Voiture Un ami dévoué est d’abord le portrait d’une femme désespérément seule, en marge d’une société dans laquelle elle peine à exister.

En prêtant une oreille attentive aux victimes du Bataclan, Chris trouve un but dans sa vie, une place dans la communauté, une reconnaissance. Et comble ainsi son besoin d’appartenance, et son manque émotionnel. Stand up Paris est aussi sa bouée de sauvetage et elle est prête à tout pour y rester. Quitte à menacer ou faire chanter ceux qui commencent à douter.

L’usine à mensonges

«Tu es un monstre», lui reproche le compagnon d’un de ses nouveaux amis, qui l’a démasquée malgré son incroyable virtuosité à manipuler la vérité pour construire sa légende et préserver son secret. C’est là aussi que réside le deuxième tour de force de la mini-série : décortiquer la construction du mensonge, tout en revenant aux sources de la mythomanie révélées dans le dernier épisode.

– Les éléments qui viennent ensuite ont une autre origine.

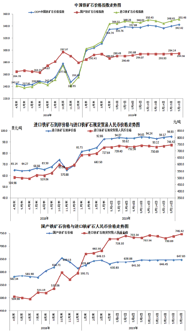 5月16日,中國鐵礦石價格指數(CIOPI)342.42點,環比上升2.43點,升幅為0.72%。其中:國產鐵礦石價格指數為294.56點,環比上升0.42點,升幅為0.14%;進口鐵礦石價格指數為351.46點,環比上升2.81點,升幅為0.81%。
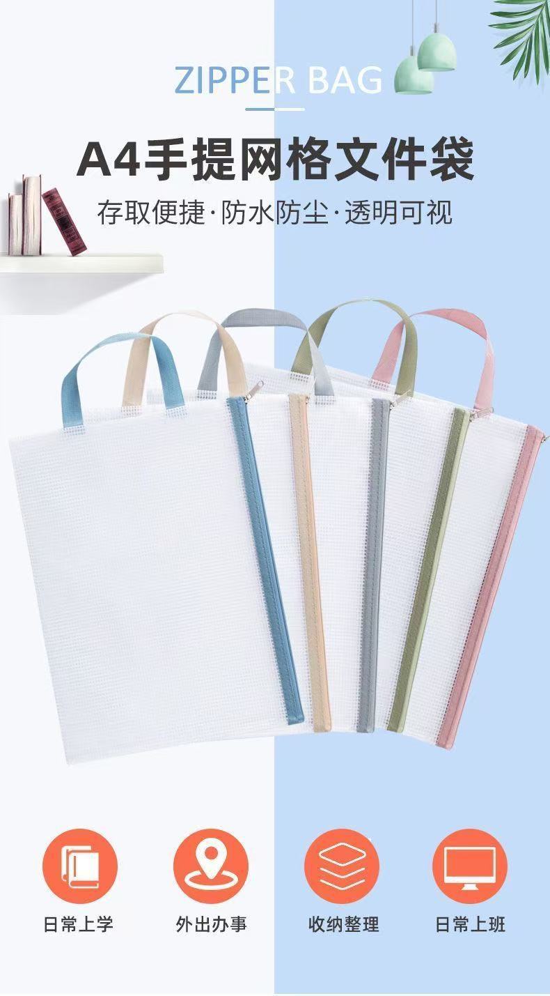 Morandi 투명 지퍼 가방 방수 휴대용 메쉬 가방 시험지 보관 정보 가방 사무실 문서 가방 인쇄 가능스토어 가기
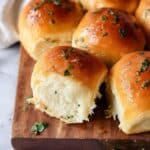 When the rolls come out of the oven, brush them immediately with the warm garlic butter for that incredible garlicky shine. Your kitchen will smell amazing — it’s my favorite part!
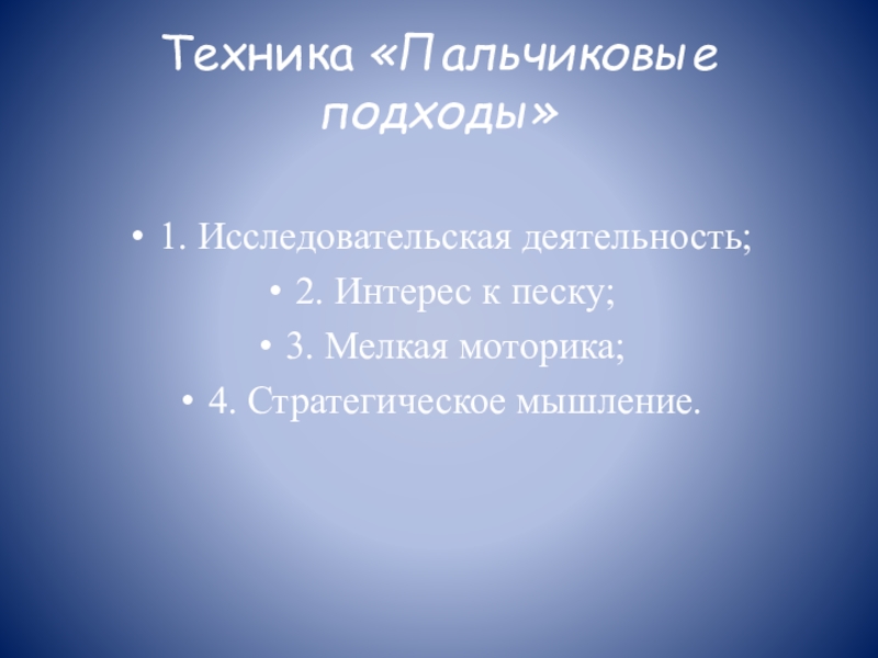 Техника «Пальчиковые подходы» 1. Исследовательская деятельность;2. Интерес к песку;3. Мелкая моторика;4. Стратегическое мышление.
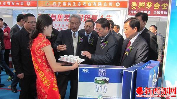 西安東方乳業(yè)有限公司社區(qū)部經(jīng)理王小牛(前右三)向陜西省質(zhì)量技術(shù)監(jiān)督局黨組書記、局長(zhǎng)仵西居(前右二),陜西省第十一屆人大常委會(huì)原秘書長(zhǎng)、陜西省政府參事、國(guó)際應(yīng)急管理學(xué)會(huì)中國(guó)委員會(huì)副主席桂維民(前右一)等領(lǐng)導(dǎo)介紹“多鮮”乳品。新西部網(wǎng) 王順利攝
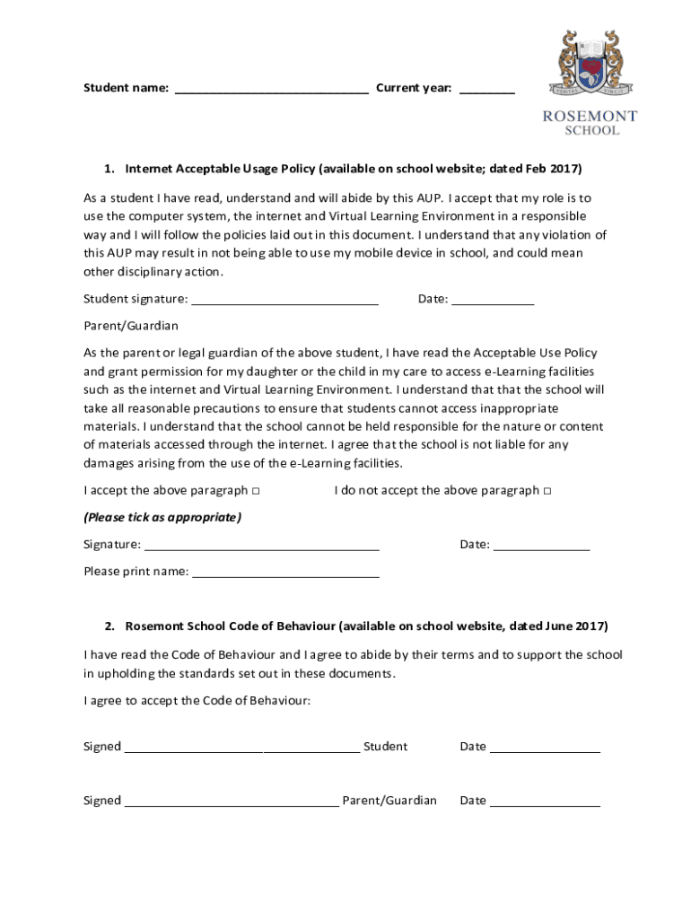 Student name: ___ Current year: ___1. Internet Acceptable Usage Policy (available on school website; dated Feb 2017) As a student I have read, understand and will abide by this AUP. I accept that
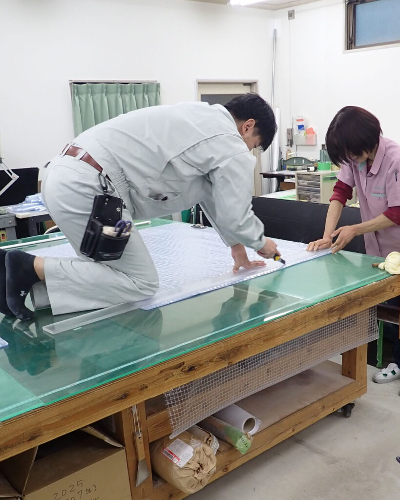 幅継ぎをしたシートも含め、ビニールカバーの寸法に合わせて裁断していきます。裁断機に入らないサイズは、このように手切りでカットしていくことになります。

Tout au long de son parcours, Chris multiplie les tromperies savamment élaborées et s’approprie les témoignages des survivants pour nourrir sa fausse identité. Et même de saisir l’opportunité de profiter du fonds d’indemnisation des victimes, amorçant ainsi sa chute. Mais il ne s’agit pas là d’un simple opportunisme. Chris a besoin de cet argent pour se loger et continuer à agir pour le bien de la communauté des survivants.

Ironiquement, elle n’a pas son pareil pour dénoncer les tromperies de ses pairs, qui tentent de tromper le système, et pour les pousser vers la sortie : « La confiance est notre seul capital. Il faut être exemplaire», plaide-t-elle avec assurance lors d’une réunion.

En fin de compte, c’est seulement lorsqu’elle parle de sa passion pour la musique que Chris est vraiment sincère. Et c’est grâce à la musique qu’elle trouve une forme de rédemption en organisant le premier concert de l’association. Une manière pour tous ses membres de se réapproprier leur vie, en s’appuyant sur le collectif.

Un thriller psychologique oppressant

La fin justifie-t-elle les moyens ? Le mensonge est-il acceptable lorsqu’il est raconté pour le bénéfice des autres ? Telles sont les questions que pose cette mini-série ambitieuse, portée par un casting impeccable. On citera notamment Arieh Worthalter (César pour son rôle dans Le procès Goldman) qui incarne Léon, le président de Stand up Paris, et bien sûr, la magistrale Laure Calamy, dans presque tous les sens.

Filmée au plus près par la caméra de Just Philippot, l’actrice se révèle à la fois vulnérable et inquiétante dans la peau de cette héroïne au psychisme troublé, provoquant chez le spectateur autant de compassion que de malaise.

Paradoxalement, la sobriété de la mise en scène accentue l’atmosphère oppressante qui entoure sa trajectoire jusqu’à son inéluctable déclin. Même si l’issue est connue dès le départ, la tension continue de monter à mesure que l’étau se resserre autour d’elle. C’est étouffant et éprouvant. Mais c’est aussi bouleversant.